Но что такое дорогой салат,
Им, съеденный, в каком-то ресторане,
Еде хорошей должен был он рад,
Ведь голод испытал он в детстве раннем.
Другое дело, то, его семья,
Взаимоотношения с женою...
Его тут возникало часто "Я"
Но было то другою стороною.
Подвластен, настроению бывал,
Была игра порой и не стабильна,
"Не в форме" мог и побывать,
И это раздрожало многих сильно.
Страна к чемпионату мира шла,
Сильнейшая была у нас команда.
Но злая сила не к добру нашлась,
И "вырвала" из строя тут таланта.
Осталось всего несколько уж дней,
Уже костюмы сборной примеряли,
И наступил тот злополучный день,
Когда на даче молодёжь гуляла.
А там "Вино, кино и домино"
Вот там-то и "подсунулась" подруга...
Тогда что было, знать уж не дано,
"За домогательства" сдала та друга.
Был суд над ним и страшный приговор:
Двенадцать лет- лишения свободы???
«И в труд тяжёлый» - будто гад иль вор,
Чтоб искуплял "вину" свою он в поте.
Тогда у власти был уже Хрущёв,
И не любил он яркие таланты,
И "подписал" он с дуру, с горяча,
И Фурцева тут подлила подлянки.
В итоге дали Эдику семь лет,
(Рабочие все "Зила" отстояли)
Так перед ним погас футбольный свет,
За что?

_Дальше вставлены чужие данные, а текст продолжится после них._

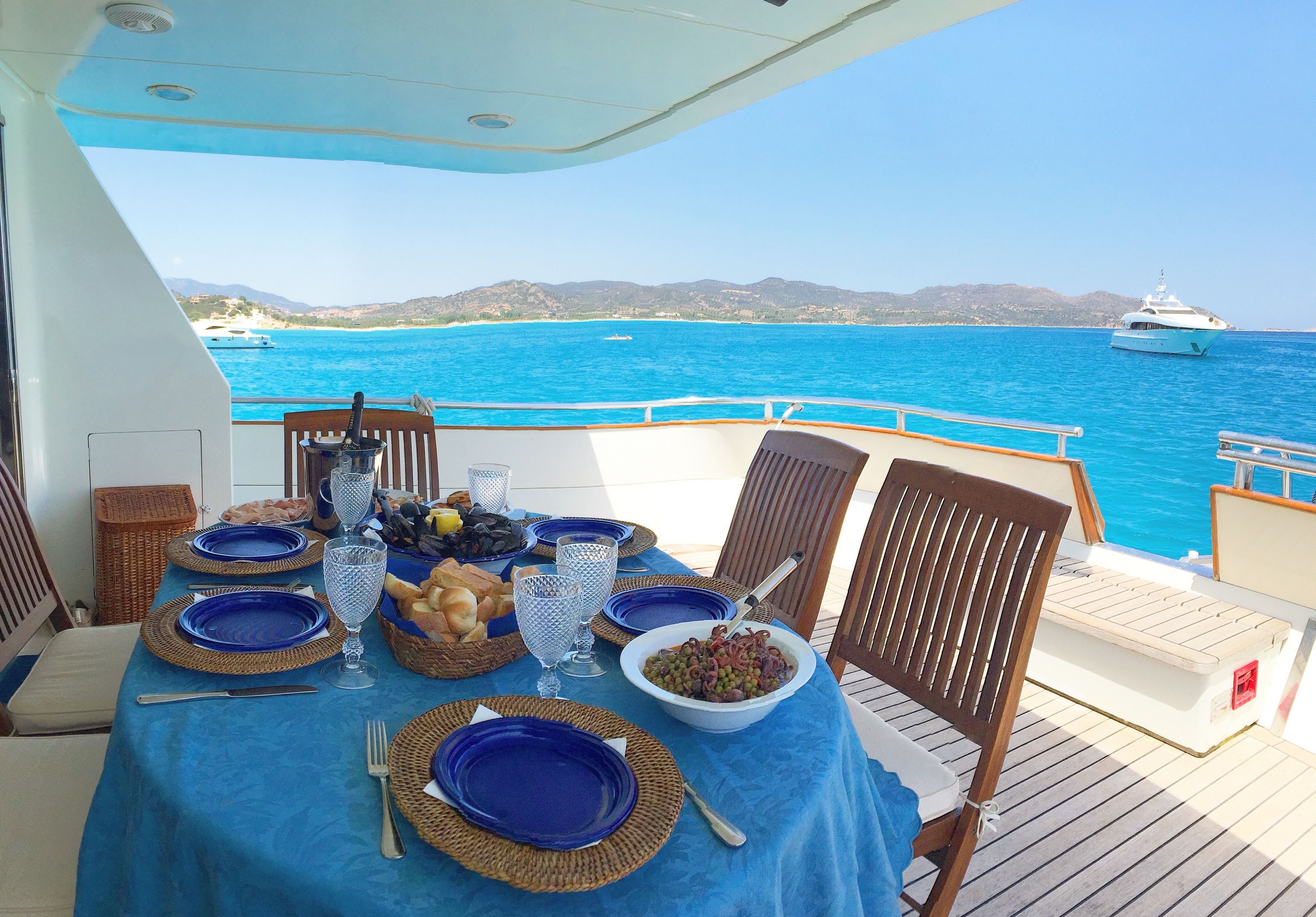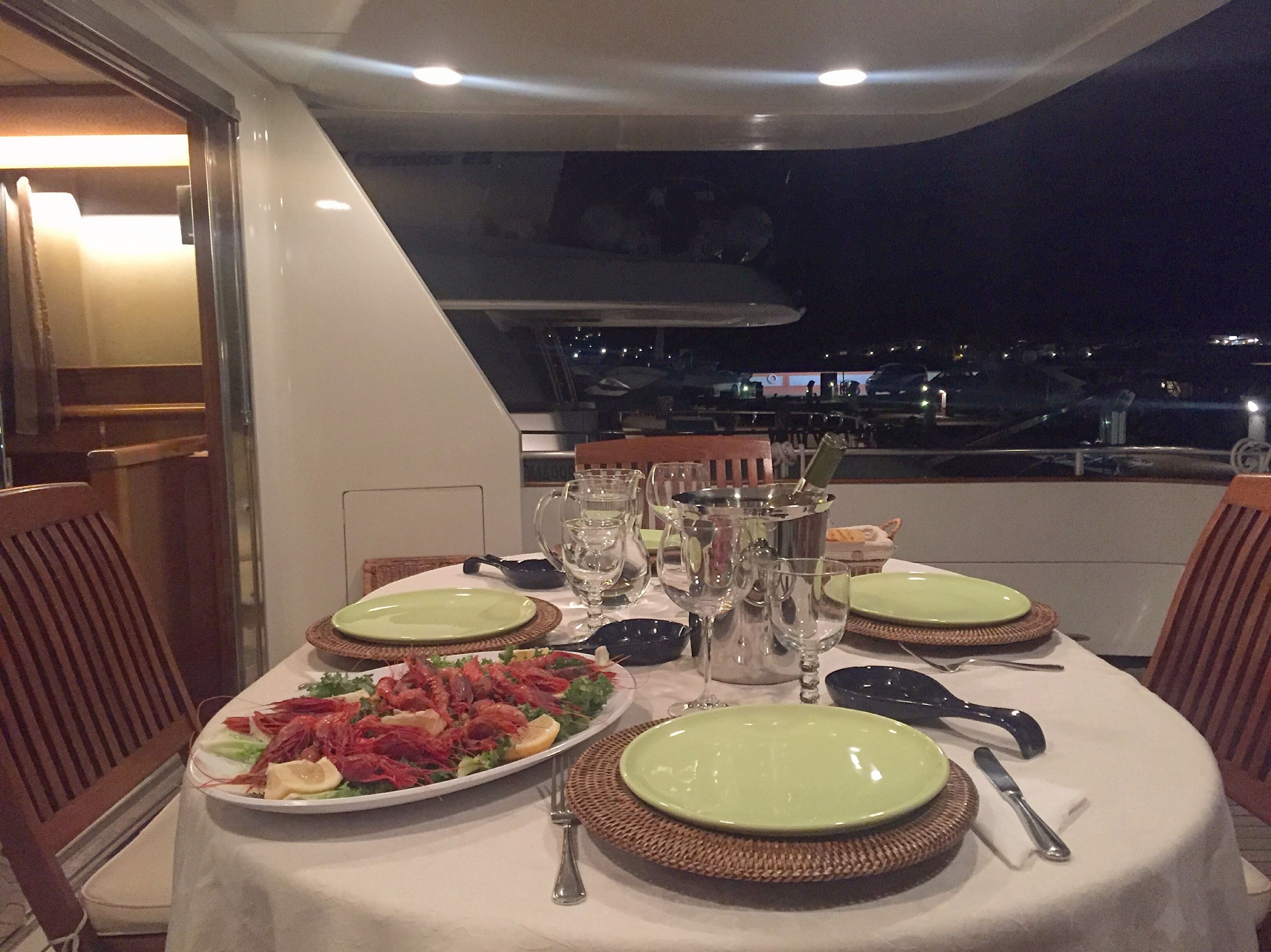 | Outside | Anker mit Kette, Cockpitkühlschrank, Cockpitpolster, Cockpittisch, Fender, Grill |

За то, что молодость взыграла.
Он матери из лагеря сказал,
(Когда к нему та прибыла на встречу)
"Не я должен сидеть" сказал в глаза,
"За что сижу" - на это не отвечу.
Какие письма матери писал,
С такою нежностью и добротою...
Их если прочитать, можно сказать,
Не совместим был он с "виною" тою.
Он от Большого спорта отлучён,
Шесть лет отсутствовал в футболе,
В душе же не расстался он с мячом,
Душа же теребилась сильной болью.
Но слава богу в чем-то повезло,
Его не отлучили от футбола,
И в зоне поиграть ему пришлось,
Соревнования средь зон, на поле.
В «Электостали» после он сидел,
И дозу радиации там схватит,
Но думать разве он о том хотел,
Других переживаний ему хватит.
После тюрьмы, вновь на заводе он,
Он поступил во ВТУЗ. Все помогали,
Женился снова, появился сын.
Сдал на права. Шофёр -он, испытатель.
Да шесть сезонов он всё ж не играл,
В футбол большой Стрельцова не пускали,
Хрущёв лишь наказанье мог убрать,
В шестьдесят четвёртом с власти сняли…
Но даже выйдя после из тюрьмы,
Он лучшим вновь становится в Союзе,
И вновь уведели тогда все мы,
Не угасают быстро эти звёзды
Мудрее стал. Умнее заиграл.
И стал в команде снова дирижёром,
Как будто он из спорта добирал,
Не сыграное им, в годах прожжёных.
Пройдя тропу и лестницу невзгод,
С Ворониным он вновь на поле,
И прибавлял с лихвой из года в год,
Сердечная была досада с болью.
Но потихоньку возраст брал своё,
И ноша всё ж такая за спиною,
То долго вдруг стоит, неточно бьёт,
Уже и ноги от болезни ноют.
Он много матчей важных пропустил,
Причиной, многое тому сказалось,
С Пеле сыграть, всё ж кто-то не пустил,
Смотреть с трибуны только лишь осталось.
Уж Банишевский с Бышевцом в бою,
Стрельцов успел тогда сыграть и с ними,
Уже и тренеры размаха не дают,
Всё реже объявляется и имя.
За ветеранов часто выступал,
Рядом с Чернобылем сыграл однажды…
В ногах всё чаще чувствовалась боль,
В больнице облучали уже трижды.
На похоронах Яшина был плох,
Взглянув на гроб, сказал тогда печально,
«Ну вот, за Лёвой следом я»- был вздох,
И в тот же год за ним ушёл к печали.
При жизни он «своё» не получил,
Теперь есть стадион, хотя б - «Стрельцова»,
И в Лужниках можно его «почтить»,
Хорошая скульптура там - Стрельцова.